Robot Bookworm

Overview

Research-assistant work at Vrije Universiteit Amsterdam from October 2023 to July 2024, on a multi-session intervention with Leo, a NAO social robot, in two primary schools. The premise: rather than treating reading motivation as a content problem ("which book?"), treat it as a relationship problem. Leo helps the child build a personal connection to a book through structured book discussions across four sessions.
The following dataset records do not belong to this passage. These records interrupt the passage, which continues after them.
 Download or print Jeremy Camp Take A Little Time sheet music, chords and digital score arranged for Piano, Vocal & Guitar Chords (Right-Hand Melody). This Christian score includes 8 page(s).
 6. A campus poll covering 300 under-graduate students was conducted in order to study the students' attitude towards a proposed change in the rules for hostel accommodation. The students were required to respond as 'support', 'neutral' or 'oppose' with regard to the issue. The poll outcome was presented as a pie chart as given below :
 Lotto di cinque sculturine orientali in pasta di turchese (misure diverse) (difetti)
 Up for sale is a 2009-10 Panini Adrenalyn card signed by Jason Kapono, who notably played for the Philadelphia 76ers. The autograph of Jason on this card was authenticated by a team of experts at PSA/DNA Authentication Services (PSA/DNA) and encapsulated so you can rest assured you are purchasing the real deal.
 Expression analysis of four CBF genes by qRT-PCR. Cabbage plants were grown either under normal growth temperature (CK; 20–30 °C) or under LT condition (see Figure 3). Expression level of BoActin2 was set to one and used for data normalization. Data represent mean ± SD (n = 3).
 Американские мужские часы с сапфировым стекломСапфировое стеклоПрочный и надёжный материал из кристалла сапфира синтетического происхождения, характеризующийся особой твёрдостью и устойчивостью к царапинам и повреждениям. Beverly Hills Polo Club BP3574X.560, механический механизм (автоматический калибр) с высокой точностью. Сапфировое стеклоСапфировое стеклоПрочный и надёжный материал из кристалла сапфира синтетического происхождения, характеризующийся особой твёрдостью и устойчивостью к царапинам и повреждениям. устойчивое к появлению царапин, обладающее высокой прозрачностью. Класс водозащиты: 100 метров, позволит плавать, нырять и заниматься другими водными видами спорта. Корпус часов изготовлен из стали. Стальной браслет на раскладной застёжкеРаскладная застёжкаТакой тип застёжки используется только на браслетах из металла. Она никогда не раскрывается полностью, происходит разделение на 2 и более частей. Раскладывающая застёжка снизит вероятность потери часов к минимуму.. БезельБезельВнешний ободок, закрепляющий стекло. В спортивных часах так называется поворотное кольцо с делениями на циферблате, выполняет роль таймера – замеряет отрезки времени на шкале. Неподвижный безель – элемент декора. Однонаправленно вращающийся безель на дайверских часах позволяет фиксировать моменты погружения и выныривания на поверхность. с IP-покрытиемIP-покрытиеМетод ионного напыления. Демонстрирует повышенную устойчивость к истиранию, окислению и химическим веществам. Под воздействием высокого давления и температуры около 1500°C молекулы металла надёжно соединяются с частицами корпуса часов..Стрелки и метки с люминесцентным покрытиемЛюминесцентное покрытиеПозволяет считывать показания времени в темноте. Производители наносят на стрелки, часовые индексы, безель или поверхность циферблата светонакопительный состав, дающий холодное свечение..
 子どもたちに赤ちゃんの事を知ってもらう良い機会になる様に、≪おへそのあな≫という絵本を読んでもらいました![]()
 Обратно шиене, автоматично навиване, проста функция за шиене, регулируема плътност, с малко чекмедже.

The intervention vs. control comparison was run with around 100 children aged 8 to 11.

Published: The Robot Bookworm: Fostering Children's Reading Motivation through Personalized Book Discussions at ACM/IEEE HRI '26 (Edinburgh, March 2026).

Leo (NAO) reading session setup with a child

What the system actually does

Leo runs a four-session interaction structured as a dialogic IRF pattern (Initiation → Response → Feedback), adapted from dialogic reading research. Each child gets a personally-fitting book, chosen via a co-design process upstream. Across the four sessions, Leo opens with an observation, an opinion, or a joke about the book and then asks the child a related, autonomy-supporting question.
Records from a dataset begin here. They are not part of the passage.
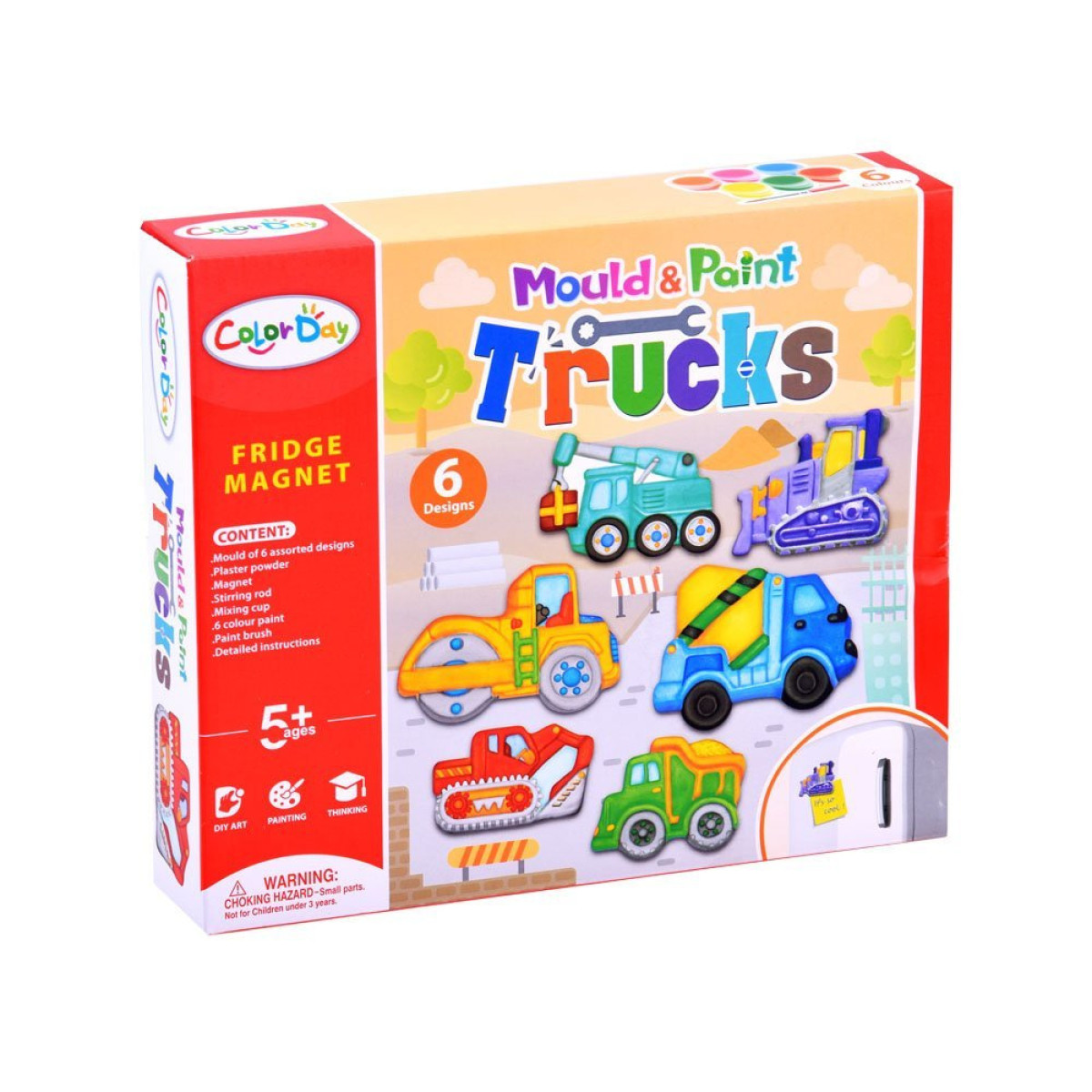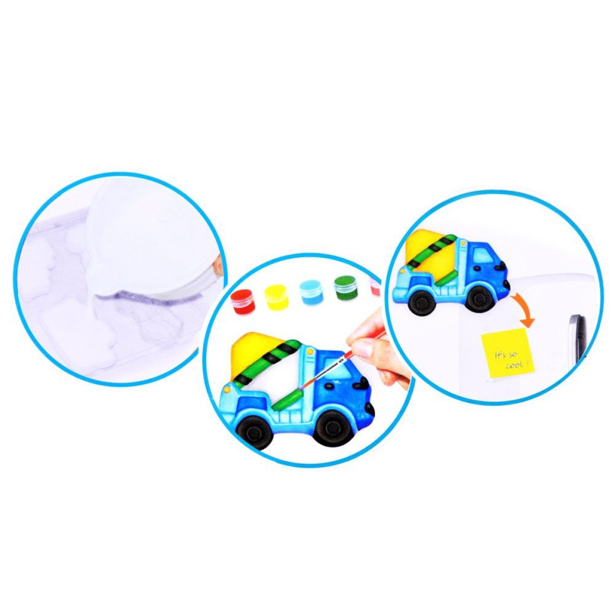 Tas ir lielisks komplekts radošai spēlei magnētu veidošanai ledusskapim būvniecības transportlīdzekļu formā: buldozers, celtnis, betona maisītājs, veltnis, ekskavators un kravas automašīna.
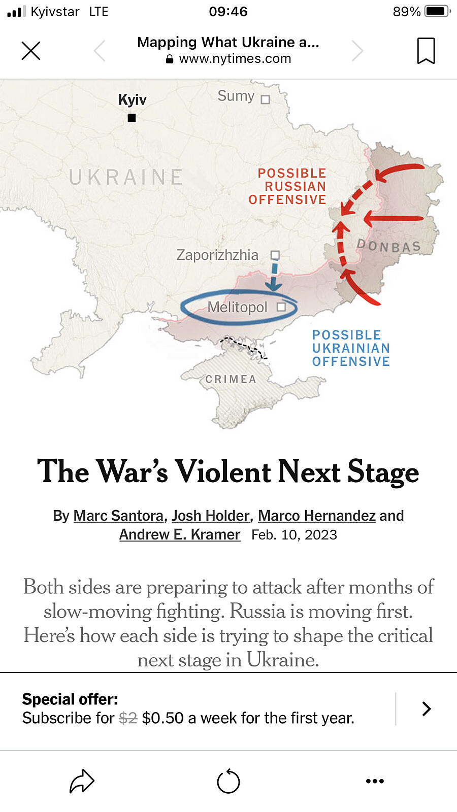 Саме російський наступ створює усі можливості для нашого контрнаступу. На одному рівні з західними постачаннями зброї. Вони вимушені наступати. Бо бояться що коли у нас буде більше західної зброї, у них все буде набагато гірше. І вони праві.
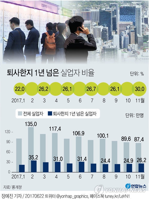 최근 청년 실업률이 9%를 넘기며 사상 최고치를 기록한 가운데 회사를 퇴직한 후 1년이 넘도록 새 직장을 찾지 못한 실업자 비율 또한 역대 최고를 기록한 것이다.
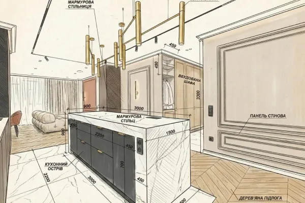 Менеджер і дизайнер спілкуються з вами, проводять обміри приміщення та обговорюють ваші побажання щодо стилю, функціональності та бюджету.

The interaction is built on a slot-based dialogue script with branches and persistent memory, so Leo can refer back to information the child shared in earlier sessions. That's what makes it feel like the robot has actually been reading along.

The AI pipeline (the part of this project that lives or dies on engineering)
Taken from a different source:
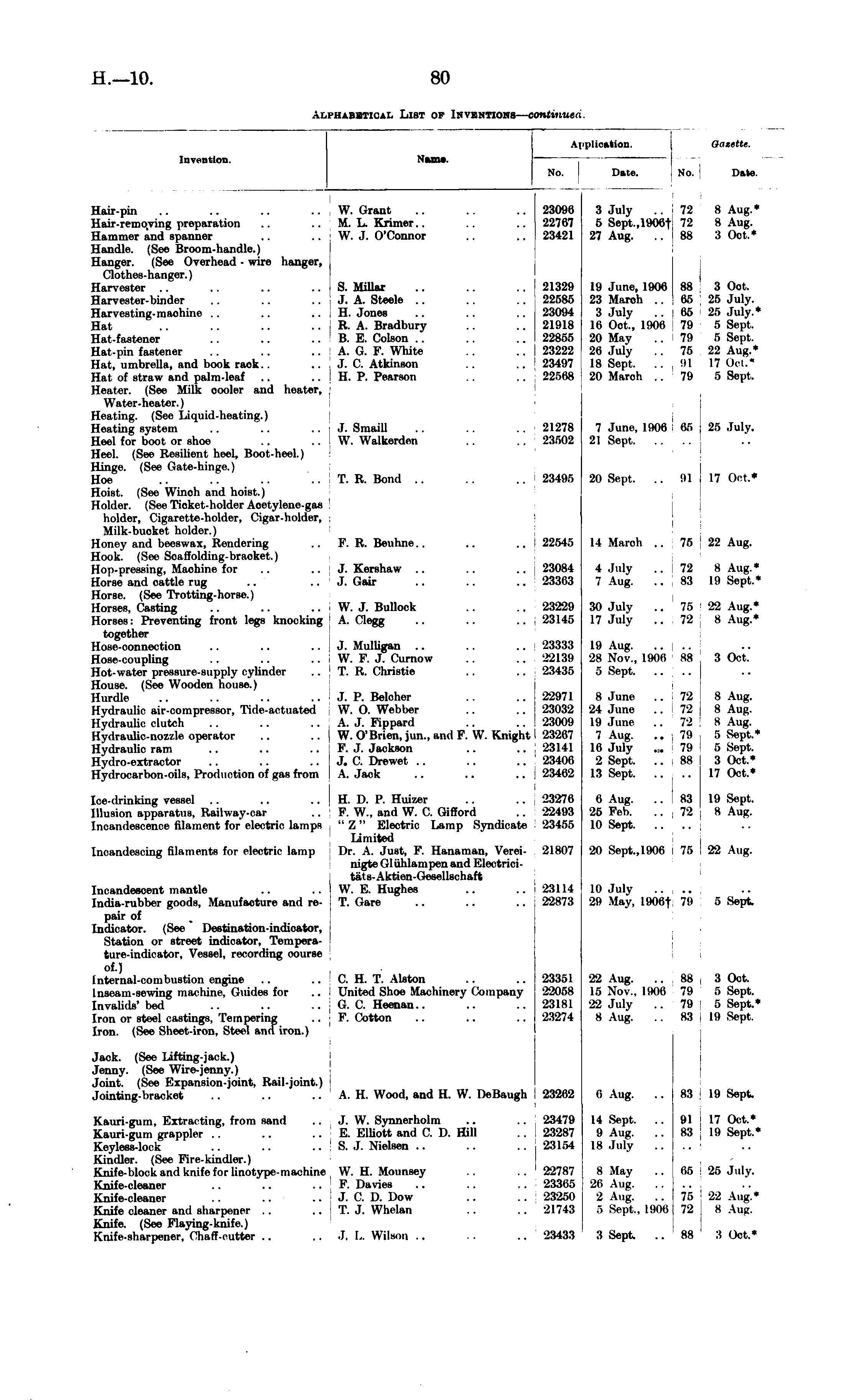 Invention. Nun*. No. At Application. No. J OOMtt*. Date. Date. Hair-pin .. .. .. .. W. Grant .. .. .. 23096 Hair-remo.ving preparation .. .. M. L. Krimer.. .. .. 22767 Hammer and spanner .. . . W. J. O'Connor .. .. 23421 Handle. (See Broom-handle.) Hanger. (See Overhead - wire hanger, Clothes-hanger.) Harvester .. .. .. .. S. Millar .. .. .. 21329 Harvester-binder .. .. .. j J. A. Steele .. .. .. 22585 Harvesting-maohine .. .. .. i H. Jones .. .. .. 23094 Hat .. .. .. .. R. A. Bradbury .. .. 21918 Hat-fastener .. .. .. ' B. E. Colson .. .. .. 22855 Hat-pin fastener .. .. .. A. G. F. White .. .. I 23222 Hat, umbrella, and book rack.. . . J. C. Atkinson .. .. 23497 Hat of straw and palm-leaf .. .. I H. P. Pearson .. .. 22. r >68 Heater. (See Milk oooler and heater, Water-heater.) Heating. (See Liquid-heating.) Heating system .. .. .. J. Smaill .. .. .. 21278 Heel for boot or shoe .. .. W. Walkerden .. . . 23502 Heel. (See Resilient heel, Boot-heel.) Hinge. (See Gate-hinge.) Hoe .. .. .. .. I T. R. Bond .. .. .. 23495 Hoist. (See Winch and hoist.) Holder. (See Tioket- holder Aoetylene-gas holder, Cigarette-holder, Cigar-holder, Milk-buoket holder.) Honey and beeswax, Rendering .. F. R. Beuhne.. .. .. 22545 Hook. (See Soaffolding-brnoket.) Hop-pressing, Maohine for .. J. Kershaw .. .. .. j 23084 Horse and oattle rug .. .. J. Gair .. .. .. 23303 Horse. (See Trotting-horse.) Horses, Casting .. .. .. W. J. Bullock .. .. 23229 Horses: Preventing front legs knocking A. Clegg .. .. .. 2814S together Hose-connection .. .. .. I J. Mulligan .. .. .. | 23333 Hose-coupling .. .. ,. | W.P.J, Curnow .. .. 22139 Hot-water pressure-supply cylinder .. T. R. Christie .. .. 23435 House. (See Wooden house.) Hurdle .. .. .. .. I J. P. Beloher .. .. 22971 Hydraulic air-compressor, Tide-actuated W.O.Webber .. .. 23032 Hydraulic clutch .. .. .. A. J. Fippard .. .. 23009 Hydraulic-nozzle operator .. .. W. O'Brien, jun., and F. W. Knight 23267 Hydraulic ram .. .. .. F.J.Jackson .. .. '23141 Hydro-extractor .. .. .. J. C. Drewet .. .. .. 23406 Hydrocarbon-oils, Production of gas from A. Jack .. .. ,. 23462 3 July .. 72 8 Aug.* 5 Sept.,1906f 72 8 Aug. 27 Aug. .. 88 3 Oct.* 19 June, 1906 88 3 Oot. 23 March .. 65 25 July. 3 July .. 86 25 July.* 16 Oot., 1906 79 5 Sept. 20 May .. 79 5 Sept. 26 July .. 75 22 Aug.* 18 Sept. .. 91 17 Oot.* 1 20 Maroh .. 79 5 Sept. 7 June. 1906 66 25 July. 21 Sept 20 Sept. .. 91 17 Oot* 14 Maroh .. 75 22 Aug. 4 July .. 72 8 Aug.* 7 Aug. .. 83 19 Sept.* 30 July .. 75 22 Aug.* 17 July .. 72 8 Aug.* 19 Aug 28 Nov., 1906 SH B Oct. 5 Sept 8 June .. 72 8 Aug. 24 June .. 72 8 Aug. 19 June .. 72 8 Aug. 7 Aug. .. 79 . 5 Sept.* Lβ July ... 79 5 Sept. 2 Sept. .. , 88 3 Oct.* 13 Sept 17 Oct.* Ice-drinking vessel .. .. .. H. D. P. Huizer .. .. 23276 Illusion apparatus, Railway-car .. F. W., and W. C. Gifford .. 22493 Incandescence filament for electric lamps " Z " Electric Lamp Syndicate 23455 Limited Incandescing filaments for electric lamp Dr. A. Just, F. Hanaman, Verei- 21807 nigte Gluhlampen and Electrici-tats-Aktien-Gesellschaft Incandescent mantle .. .. W.E.Hughes .. .. 23114 India-rubber goods, Manufacture and re- T. Gare .. .. ., 22873 pair of Indicator. (See Destination-indicator, Station or street indicator, Tempera-ture-indicator, Vessel, recording course of.) Internal-combustion engine .. .. C. H. T. Alston .. .. 23351 Insrain-sewing machine, Guides for .. United Shoe Machinery Company 22058 Invalids' bed .. .. .. G. C. Heenan.. .. ..23181 Iron or steel castings, Tempering .. F. Cotton .. .. .. I 23274 Iron. (See Sheet-iron, Steel and iron.) 6 Aug. .. I 88 19 Sept. 25 Feb. .. 72 8 Aug. 10 Sept 20 Sept.,1906 75 22 Aug. 10 July .. .. 2!l May, 190t>t 79 5 Sept. 23351 22058 23181 23274 22 Aug. ..88 3 Oct. 15 Nov., 1906 79 r> Sept. 22 July .. 79 5 Sept.* 8 Aug. .. SI 19 Sept. Jack. (See Lifting-jack.) Jenny. (See Wire-jenny.) Joint. (See Expansion-joint, Rail-joint.) Jointing-bracket .. .. .. A. H. Wood, and H. W. DeBaugh 23262 23262 6 Aug. .. 83 19 Sept. Kauri-gum, Extracting, from sand .. J. W. Synnerholm .. .. 23479 Kauri-gum grappler .. .. .. E. Elliott and C. D. Hill .. 23287 Keyless-lock .. .. .. j S. J. Nielsen .. .. .. 28164 Kindler. (See Fire-kindler.) Knife-block and knife for linotype-machine W. H. Mounsey .. .. 22787 Knife-cleaner .. .. .. F. Davies .. .. . . 23365 Knife-cleaner .. .. .. J. C. D. Dow .. . . 23250 Knife cleaner and sharpener .. .. I T. J. Whelan .. .. 21743 Knife. (See Flaying-knife.) Knife-sharpener. Chaff-nutter .. .'. J, L Wilson .. . . .. 23433 23479 23287 231 ">4 14 Sept. .. 91 17 Oct.* 9 Aug. .. 83 19 Sept.* 18 July .. .. I 22787 23365 23260 21743 8 May .. 65 -if. July, 26 Aug 2 Aug. .. 75 22 Aug.* 5 Sept.. 1906 72 8 Aug. 3 Sept. .. 88 3 Oct.* 23433

The intervention condition uses a hybrid agentic AI pipeline:

GPT-4o generates dialogic content offline for each child, using prompts that combine the user model, book metadata, and session context.
For each IRF slot, the model produces several candidate utterances.
An automatic validator scores them for safety, age-appropriateness, and task fit.
A human moderator selects or lightly edits the final version.
Validated content gets stored per child and scheduled into the slot-based script.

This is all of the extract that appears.